It can be evaluated that the step is dishing, and the smaller the step (average value of the steps), the better the dishing inhibitory property.
AAA: Step is less than 1 nm AA: Step is 1 or more and less than 3 nm A: Step is 3 or more and less than 5 nm B: Step is 5 or more and less than 8 nm C: Step is 8 or more and less than 10 nm D: Step is 10 nm or more
FREX300SII(研磨装置)を用いて、研磨圧力を2.0psiとし、研磨液供給速度を0.28ml/(min・cm2)とした条件で、<Dishing抑制性の評価>で使用したのと同様のウエハを研磨した。まず、研磨液としてCSL5250Cを使用し、非配線部のCo(バルク)が完全に研磨されてから、更に10秒間研磨を行った。その後、層間絶縁膜上をバリア層が覆っている状態のウエハについて表3に示す研磨液を用いて同様の条件で1分間研磨し、層間絶縁膜上のバリア層を除去した。研磨後のウエハを、洗浄ユニットにて、洗浄液(pCMP液)(アルカリ洗浄液:CL9010(富士フイルムエレクトロマテリアル社製))で1分洗浄し、更に、30分IPA(イソプロパノール)洗浄を行ってから乾燥処理させた。

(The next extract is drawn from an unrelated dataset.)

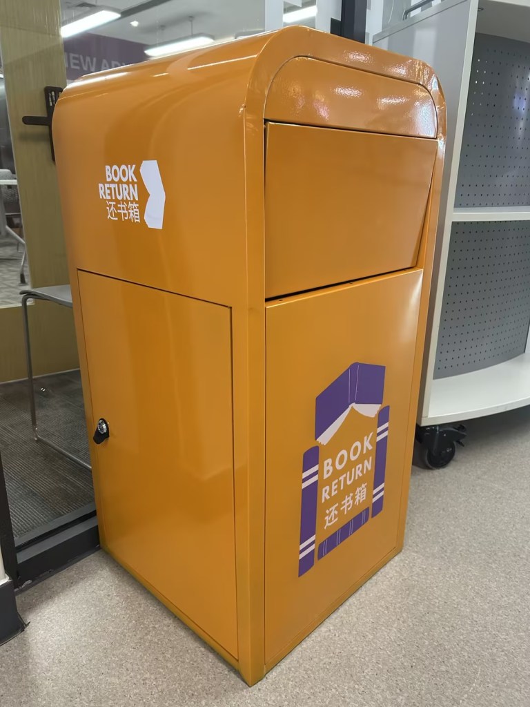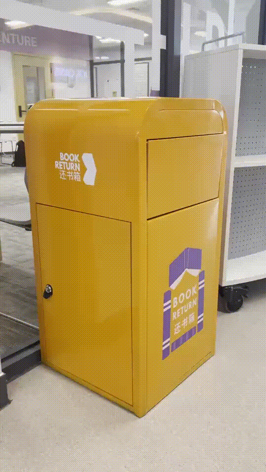 图书馆A区迎来了一位新助手!快来认识我们的新型还书箱!即使找不到图书馆工作人员帮忙,这位得力助手也能妥善收纳待归还的书籍。请放心,这位新助手会安全保管您的图书,直到我们完成登记并重新上架。

得られたウエハを欠陥検出装置で測定し、長径が0.06μm以上の欠陥が存在する座標を特定してから、特定された座標における欠陥の種類を分類した。ウエハ上に検出されたScratch(傷状の欠陥)の数を、下記区分に照らした。
Scratchの数が少ないほどScratch抑制性に優れると評価できる。
AA : Scratchが3個以下
A : Scratchが4~5個
B : Scratchが6~10個
C : Scratchが11~15個
D : Scratchが16個以上 <Evaluation of Scratch inhibitory>
Using a FREX300SII (polishing device), the polishing pressure was 2.0 psi, and the polishing liquid supply rate was 0.28 ml / (min · cm 2 ), which was the same as that used in <Evaluation of dishing inhibitory>. Wafer was polished. First, CSL5250C was used as the polishing liquid, and after the Co (bulk) of the non-wiring portion was completely polished, polishing was further performed for 10 seconds. Then, the wafer in which the barrier layer covered the interlayer insulating film was polished with the polishing liquid shown in Table 3 for 1 minute under the same conditions to remove the barrier layer on the interlayer insulating film. The polished wafer is washed with a cleaning solution (pCMP solution) (alkaline cleaning solution: CL9010 (manufactured by FUJIFILM Electromaterials Co., Ltd.)) for 1 minute in a cleaning unit, and further IPA (isopropanol) cleaning is performed for 30 minutes and then dried. It was processed.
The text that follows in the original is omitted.